With the introduction of supercomputing architectures and technologies to deep learning frameworks, customers now have the ability to solve a whole new class of problems, such as moving from image recognition to video recognition, and from simple speech recognition to natural language processing with context.
 
The team have scaled the Microsoft Cognitive Toolkit, an open-source suite that trains deep learning algorithms, to more than 1,000 Nvidia Tesla P100 GPU accelerators on the Swiss centre’s Cray XC50 supercomputer, which is nicknamed Piz Daint.
 
Deep learning problems share algorithmic similarities with applications traditionally run on a massively parallel supercomputer. By optimizing inter-node communication using the Cray® XC™ Aries network and a high performance MPI library, each training job can leverage significantly more compute resources, reducing the time required to train an individual model. 
 
“Cray’s proficiency in performance analysis and profiling, combined with the unique architecture of the XC systems, allowed us to bring deep learning problems to our Piz Daint system and scale them in a way that nobody else has,” said Prof. Dr. Thomas C. Schulthess, director of the Swiss National Supercomputing Centre (CSCS). “What is most exciting is that our researchers and scientists will now be able to use our existing Cray XC supercomputer to take on a new class of deep learning problems that were previously infeasible.”
 
“Applying a supercomputing approach to optimize deep learning workloads represents a powerful breakthrough for training and evaluating deep learning algorithms at scale,” said Dr.
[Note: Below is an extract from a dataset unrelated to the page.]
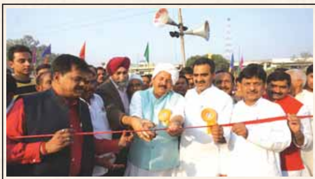
Photo: Inauguration of Krishi Kumbh-2016 by Hon. Minister Dr. Sanjeev Kumar Balyan and other dignitaries

ICAR-Indian Institute of Farming Systems Research, Modipuram, Meerut (Uttar Pradesh) organized a three days Regional Agriculture Fair ( Krishi Kumbh-2016 ) from 28-30 November, 2016 in the ground of Government Inter College Muzaffarnagar, U.P. The programme was inaugurated by Hon. Minister of State for Water Resources, River Development and Ganga Rejuvenation, Govt. of India, Dr. Sanjeev Kumar Balyan on 28.11.2016 in the presence of progressive farmers and farmer leaders. About 10000 farmers from seven states viz. U.P., Uttarakhand, Punjab, Haryana, Gujarat, Jammu and Kashmir and Telangana participated in the Fair. Dr. J.S. Sandhu, DDG (Crop Science), ICAR, New Delhi, Chaudhary Naresh Tikait, President, Bhartiya Kisan Union , Shri Ghashiram Nain, Hon. M.P. Shri Raju Shetty, Shri V.M. Singh and Hon. MLC Shri Kapildev were Guests of Honour during the inaugural function. In his inaugural speech, Hon. Minister Dr. Sanjeev Kumar Balyan expressed his pleasure for organizing such a big farmers fair in the agriculturally prosperous district of Muzaffarnagar

Xuedong Huang, distinguished engineer, Microsoft AI and Research. “Our collaboration with Cray and CSCS has demonstrated how the Microsoft Cognitive Toolkit can be used to push the boundaries of deep learning.”
 
The result of this deep learning collaboration opens the door for researchers to run larger, more complex, and multi-layered deep learning workloads at scale, harnessing the performance of a Cray supercomputer.
 
To simplify the building and deploying of deep learning environments in supercomputing, Cray is supporting its Cray XC customers with deep learning toolkits, such as the Microsoft Cognitive Toolkit, that allow customers to run deep learning applications at their fullest potential, at scale on a Cray supercomputer. Fusing high performance computing capability with deep learning is another step forward in Cray’s vision of the convergence of supercomputing and big data.
 
“Only Cray can bring the combination of supercomputing technologies, supercomputing best practices, and expertise in performance optimization to scale deep learning problems,” said Dr. Mark S. Staveley, Cray’s director of deep learning and machine learning. “We are working to unlock possibilities around new approaches and model sizes, turning the dreams and theories of scientists into something real that they can explore. Our collaboration with Microsoft and CSCS is a game changer for what can be accomplished using deep learning.”